Written by A. H. on 09 Feb 2017
Distributor Crunchyroll • Certificate N/A • Price N/A
Holding hands is an important human interaction. As children, our parents hold our hand to guide and protect us. Later in life, we hold the hand of our lovers as a sign of our affection and the bond between us. As we grow old, holding hands becomes a source of comfort. When we watch Hand Shakers, we hold hands in the hope that it might fend off the nausea caused by the violent camera movements and terrible CG of this abomination of an anime.
Over recent years, animation studio GoHands have made a name for themselves with their own particular style of anime, with lots of visual filters to saturate and give a unique look to their shows. At times it's worked well - Mardock Scramble's bizarre future fitted their aesthetic, K had something to be said for its Instagram-filtered visuals, and Coppelion... well, let's not talk about that one.
Even compared to those series, Hand Shakers is on another level. Another level of Hell, that is. Right from the off, I really can't overstate how ugly this series looks, right the way down to the atrocious font used for its opening credits that you'd expect to see from a Geocities hosted web page in the mid-1990s. It only gets worse when the series proper kicks off however, demonstrating a complete lack of any kind of coherent art direction. The series looks like the production staff assembled every filter, visual effect and CG asset amassed by the studio, then threw every single one of them into every single scene to create a literally dizzying mess that has no rhyme, reason or logic to it.
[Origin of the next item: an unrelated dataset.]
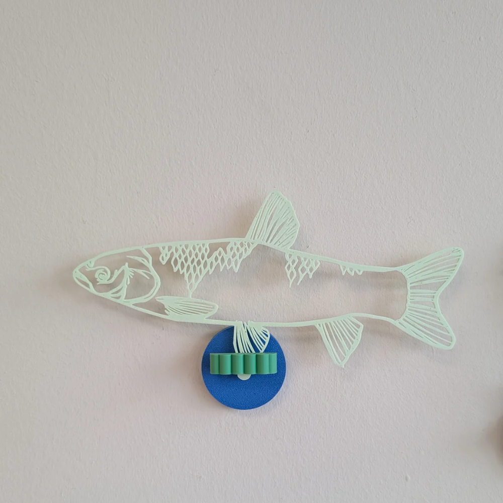 Deze leuke vissen van Joeff kan je in de basishouder plaatsen om neer te zetten. Met de muurschakel kun je de vogels ook aan de muur hangen zonder boren of schroeven.

Things only get worse when the time comes for some dynamic camera work - our view of events lurching around like a drunkard trying to record a night out via Periscope, only with more swaying, tilting and swinging the camera around. It's literally nauseating - which is a perfect fit for the series, as combine the messy visuals with the terrible camera work and Hand Shakers looks like someone has vomited onto the screen after eating too many Skittles. You can almost taste the rainbow, but that's because you just threw up in your mouth a little.
Into the midst of all this, you might be able to squint and peer through this mess of bad CG and overblown post-processing to find the actual characters. I wouldn't bother though - they all sit somewhere between bland and ugly on the spectrum, and mostly look as if they've been borrowed from an entirely different series and simply dropped into the kaleidoscopic nightmare that has become their new existence. In motion, these characters also tend to veer off model when things get busy (well, busier) to offer a suitable filling to the show's visual turd sandwich.
We don't normally start a review by talking about the visual aspects of a series, but I'd like to think the reason we've broken with tradition here is clear. If it isn't clear - and if those images up top aren't helping to punctuate my point, as the show admittedly looks far, far worse in motion - then let me spell it out for you. Hand Shakers might be the worst-looking TV anime series ever produced. There. I said it.
This is where I'd like to say "if you can push on and learn to cope with the impenetrable visuals, you'll find a story that's well worth your time". But I can't say that, because it would be a lie, as Hand Shakers' narrative is also garbage of the highest order. Milquetoast protagonist Tazuna has a penchant for fixing things (I swear this series wants to be Fate/stay Night), and one day happens upon a sleeping girl name Koyori. Upon awakening, an instant bond between the pair form, making them the latest pair of titular Hand Shakers - partners who must hold hands to summon weapons, and fight against other pairings to achieve their dreams. Oh, and in Koyori's case she'll probably die if she and Tazuna stop holding hands for too long.
I'm sure you could make a decent enough action-drama series out of this setup, but Hand Shakers isn't it. Instead, it borrows all of the tropes it can for both its characters and plot, leaving it feeling like a trashy light novel but without any kind of charm to allow it pull even that off. Dialogue is either stilted or terrible, as a sign of the kind of lazy writing which seeps into every pore of the show thus far as it leans on fan service or dull and poorly executed action scenes (or, in episode five, a shoe-horned in attempt to sell you a trading card game). There are one or two little glimpses of comedy that work throughout these first five episodes, although even these pale to the number of gags that fall flat.
The only real positive I'd throw in Hand Shakers' direction is that I quite like the soundtrack, although even this leans very heavily on the very similar OST used to better effect by another GoHands production in the form of K. Given everything else we've discussed thus far, I suppose "watch Hand Shakers with your eyes closed" might be a sage piece of advice.
It's been a long time since I've watched an anime quite as atrocious as Hand Shakers - it's rare to find a series that is so obnoxiously bad both inwardly and outwardly without anything that you can grab onto as a potential redeeming feature. For a while I genuinely pondered whether Hand Shakers was some kind of satirical commentary on how digital effects are killing anime, but that would be to imbue the series with credit that it simply doesn't deserve. Instead, what we have here is an artless, ill-conceived series entirely bereft of craft in either story or visuals. Who'd have thought we'd see 2017's worst anime before January was out?
You can watch Hand Shakers in streaming form on Crunchyroll. Don't, though.
Japanese audio with English subtitles. Video is available in 360p, 480p, 720p and 1080p resolutions; HD formats and removal of advertisements available to paid subscribers.